Assigned task. I'd like the entire listing output verbatim, apart from the pictures.
[Collected material — start]
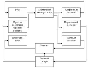При разработке функциональной структуры АСУ ТП необходимо учитывать все режимы работы ТОУ. При этом АСУ ТП может находиться в следующих состояниях: нормальной эксплуатации; горячего резерва; ремонта; пуска; останова (Рисунок 13.6). Разрабатываемая система управления должна эффективно работать во всех состояниях. Исключение составляет ремонт, управление которым не входит в сферу задач управления технологическим объектом. Состояние нормальной эксплуатации и возникающие при этом задачи управления будут рассмотрены ниже, традиционно они более изучены. Частным случаем с точки зрения задач автоматизации является состояние горячего резерва. Поэтому задачи автоматизации горячего резерва не будут рассматриваться самостоятельно, а совместно с режимом нормальной эксплуатации.
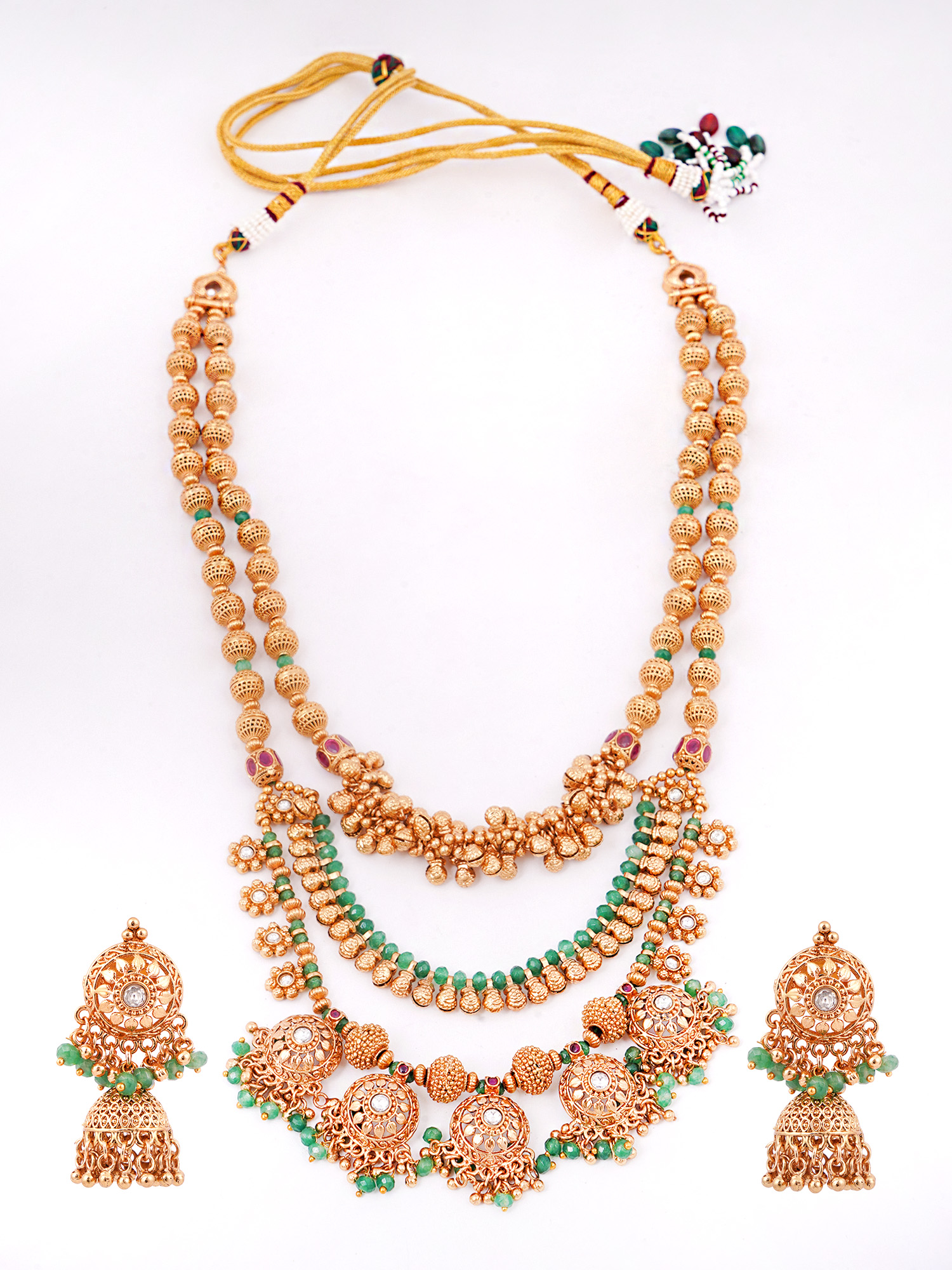 The 24CT Gold Plated Green Stone Studded Pearl Beaded Layered Jewellery Set is a stunning blend of regal charm and refined craftsmanship. This exquisite set features multiple layers of luminous pearls intricately arranged and complemented by captivating green stones, all elegantly encased in rich 24-carat gold plating. The layered design exudes opulence while maintaining a graceful flow, perfect for enhancing both traditional and contemporary ensembles. Ideal for weddings, festive occasions, or grand celebrations, this jewellery set is designed to be tarnish-resistant and durable, ensuring a lasting impression with every wear.
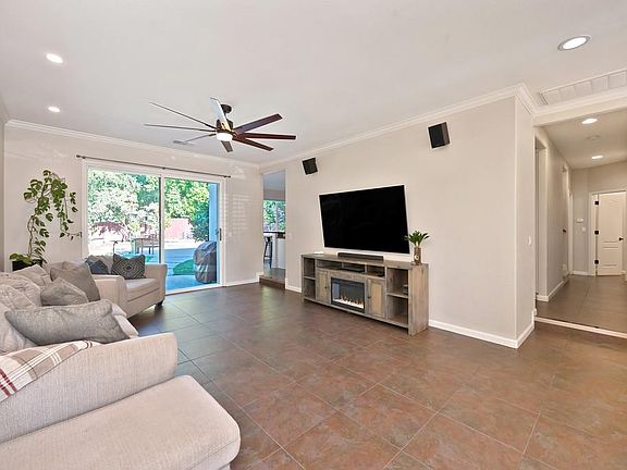 Experience the rare opportunity to own one of the most breathtaking residences in the highly sought-after Vintage Oaks neighborhood. This exquisite home masterfully blends sophisticated design, modern comfort, and exceptional functionality offering everything you could possibly desire and more. Step inside to discover an expansive single-level layout featuring a grand primary suite and three additional bedrooms, complemented by two beautifully appointed bathrooms. Upstairs, a spacious fifth bedroom, an impressive bonus/game room, and dual dedicated office spaces provide the perfect balance of privacy and versatility for today's lifestyle. The heart of the home is an entertainer's dream: a gourmet kitchen showcasing double islands, endless granite countertops, and generous cabinetry perfect for gatherings both intimate and grand. Owned, fully paid-off solar panels ensure energy efficiency and sustainable living without compromise. The oversized garage offers abundant built-in cabinetry and deep storage capacity, while the property's meticulous professional landscaping adds to its refined curb appeal. Outdoors, your private resort awaits. The backyard oasis features a spectacular pool with ample seating, a luxurious built-in spa, and a mesmerizing cascading rock waterfall.
[Collected material — finish]
Answer to the exercise.
При разработке функциональной структуры АСУ ТП необходимо учитывать все режимы работы ТОУ. При этом АСУ ТП может находиться в следующих состояниях: нормальной эксплуатации; горячего резерва; ремонта; пуска; останова (Рисунок 13.6). Разрабатываемая система управления должна эффективно работать во всех состояниях. Исключение составляет ремонт, управление которым не входит в сферу задач управления технологическим объектом. Состояние нормальной эксплуатации и возникающие при этом задачи управления будут рассмотрены ниже, традиционно они более изучены. Частным случаем с точки зрения задач автоматизации является состояние горячего резерва. Поэтому задачи автоматизации горячего резерва не будут рассматриваться самостоятельно, а совместно с режимом нормальной эксплуатации.
 The 24CT Gold Plated Green Stone Studded Pearl Beaded Layered Jewellery Set is a stunning blend of regal charm and refined craftsmanship. This exquisite set features multiple layers of luminous pearls intricately arranged and complemented by captivating green stones, all elegantly encased in rich 24-carat gold plating. The layered design exudes opulence while maintaining a graceful flow, perfect for enhancing both traditional and contemporary ensembles. Ideal for weddings, festive occasions, or grand celebrations, this jewellery set is designed to be tarnish-resistant and durable, ensuring a lasting impression with every wear.
 Experience the rare opportunity to own one of the most breathtaking residences in the highly sought-after Vintage Oaks neighborhood. This exquisite home masterfully blends sophisticated design, modern comfort, and exceptional functionality offering everything you could possibly desire and more. Step inside to discover an expansive single-level layout featuring a grand primary suite and three additional bedrooms, complemented by two beautifully appointed bathrooms. Upstairs, a spacious fifth bedroom, an impressive bonus/game room, and dual dedicated office spaces provide the perfect balance of privacy and versatility for today's lifestyle. The heart of the home is an entertainer's dream: a gourmet kitchen showcasing double islands, endless granite countertops, and generous cabinetry perfect for gatherings both intimate and grand. Owned, fully paid-off solar panels ensure energy efficiency and sustainable living without compromise. The oversized garage offers abundant built-in cabinetry and deep storage capacity, while the property's meticulous professional landscaping adds to its refined curb appeal. Outdoors, your private resort awaits. The backyard oasis features a spectacular pool with ample seating, a luxurious built-in spa, and a mesmerizing cascading rock waterfall.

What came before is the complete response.